CloudControl allows administrators to allow read, edit, write and copy permissions on a per-user basis. For example, within the Security domain, Administrators can permit a user to only edit a certain type of object with no visibility to anything else on the system. These can be local groups or Active Directory defined.
Each object managed by NSX via CloudControl can have strict controls wrapped around them. For example, some objects users should have the ability to freely update as their permissions dictate. In other situations, a 3 stage approval process can be implemented that forces certain users to request object creation/modifications. This process enforces existing approval chains before any change is done to the environment. None of this possible with NSX itself and prior to CloudControl, this customer was out of compliance.
For each user, thorough reports of their activity is stored on-box and sent off-box. These reports show every command a user issues.
In additional to strict controls, CloudControl provides on-demand or daily reports with a snapshot view of the environment - including delta changes since the last report. These reports provide a historical snapshot of the configuration of the environment that will alert configuration variances with built-in color coding to highlight items that have changed from the prior day.
All this data is stored on-box and can be accessed in real-time. This particular customer wanted to compare their current NSX deployment to another data center. With CloudControl, that is a simple task of selecting the source NSX date/time and the destination (to be compared against) NSX date/time. There is no other method to achieve this comparison without manual review or extensive scripting.
CloudControl has dozens of unique use cases that deliver unprecedented value to organizations of all sizes. Contact us to explore the possibilities...
Customer Use Case #3: Time Savings
A U.S. Federal customer deployed NSX using custom scripting as their implementation was of grand scale. This customer had to create thousands of objects and security policies. As a result, this customer had to develop a custom script as NSX has no native ability to perform bulk object creation. During this journey, the script was developed and deployed against the production environment over the next 3 months. Soon after they discovered a flaw in their naming conventions and needed to undo the implementation.
They were stuck and determined it was easier to re-install NSX from scratch and begin over again. This time, they used CloudControl...
Faster and Easier Deployments
With CloudControl, a deployment can leverage a template-based approach that is easily repeatable and much less error prone. No scripting expertise or knowledge needed. With simple edits in a spreadsheet, this customer defined policies and deployed thousands of objects within minutes - not months.

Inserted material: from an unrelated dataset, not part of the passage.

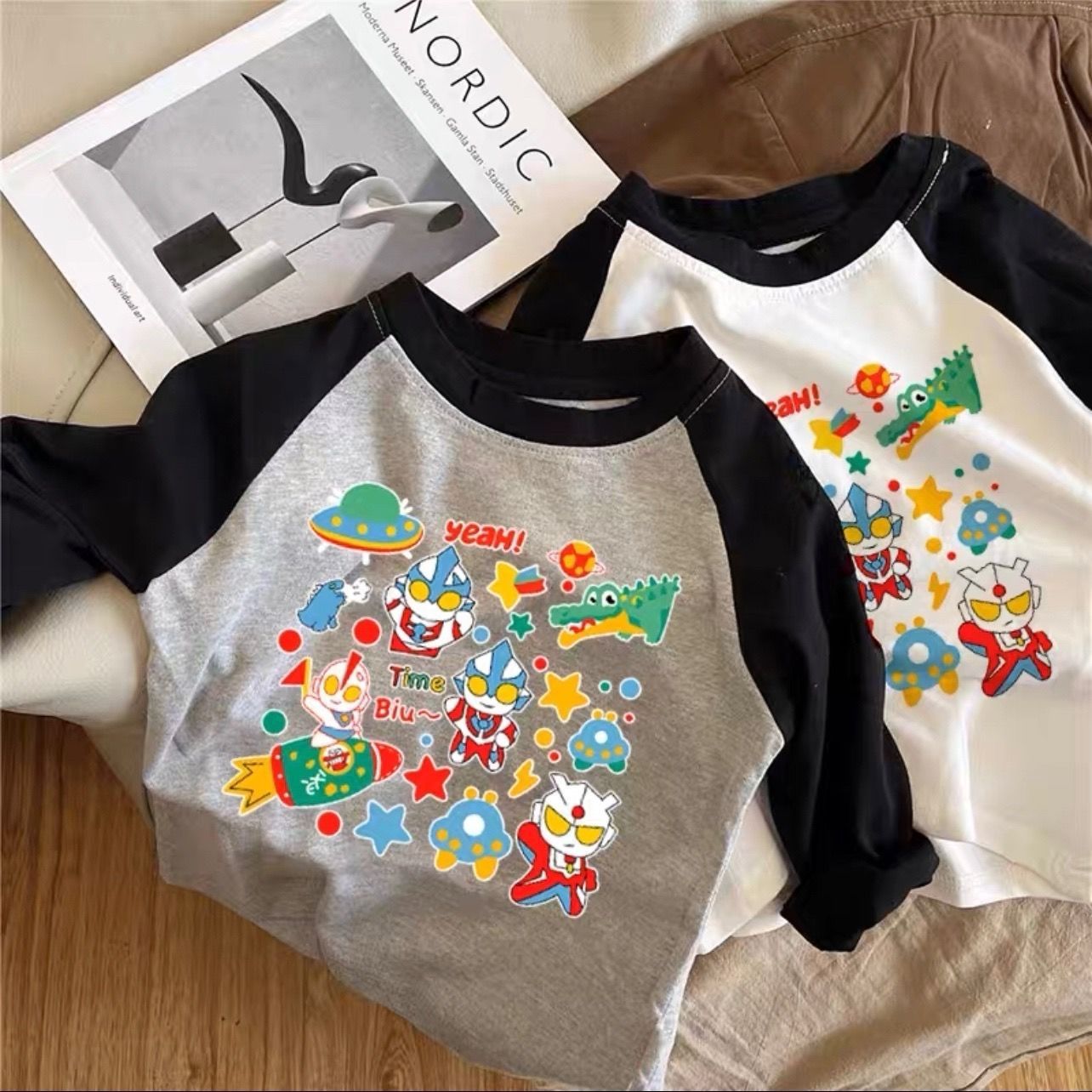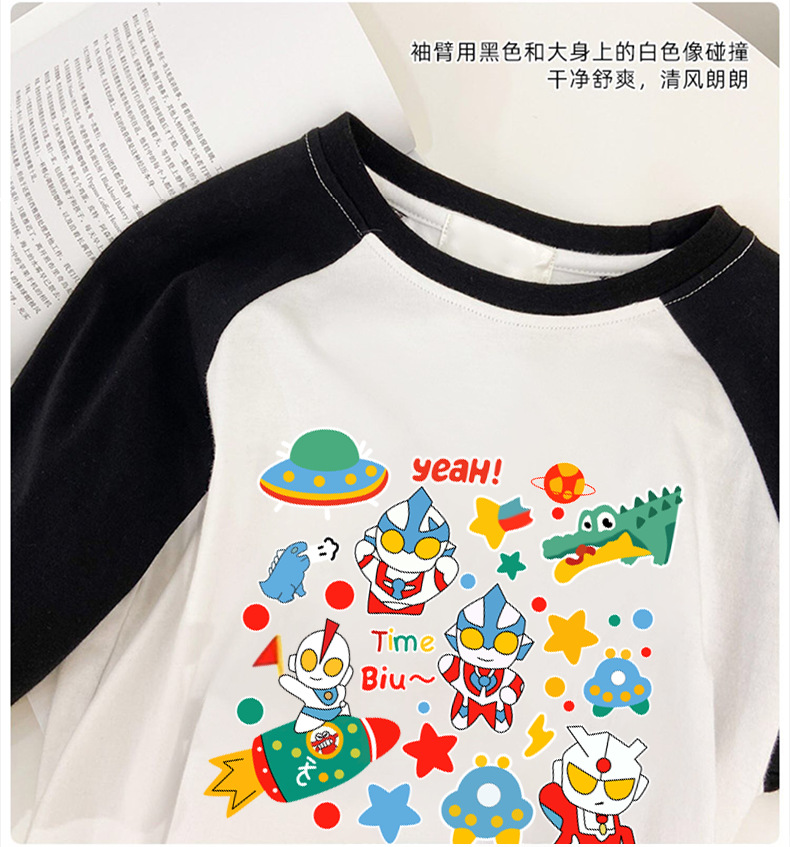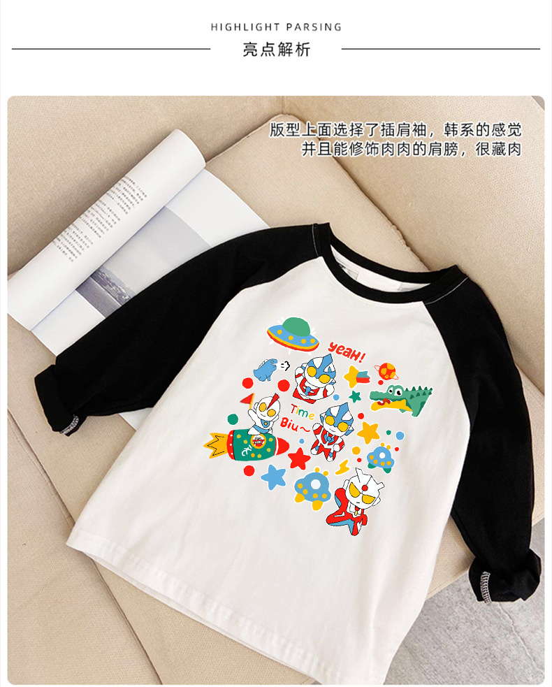 빗질 된 면 어린이 소금에 절인 계란 슈퍼맨 티셔츠 라글란 긴팔 남성 및 여성 아동복 탑 2023 인쇄베이스 셔츠 트렌디스토어 가기

Below is an illustration showing that as a NSX deployment scales, so do the management points. CloudControl abstracts the complexity and scale with a unified front-end and processing engine to perform tasks such as synchronizing environments. Without CloudControl, an Administrator must manually log into each node and create / update an object.
In this customer use case, they had firewall policies that needed to be applied to dev, test and production. CloudControl allowed them to create the rule once and distribute it to multiple locations.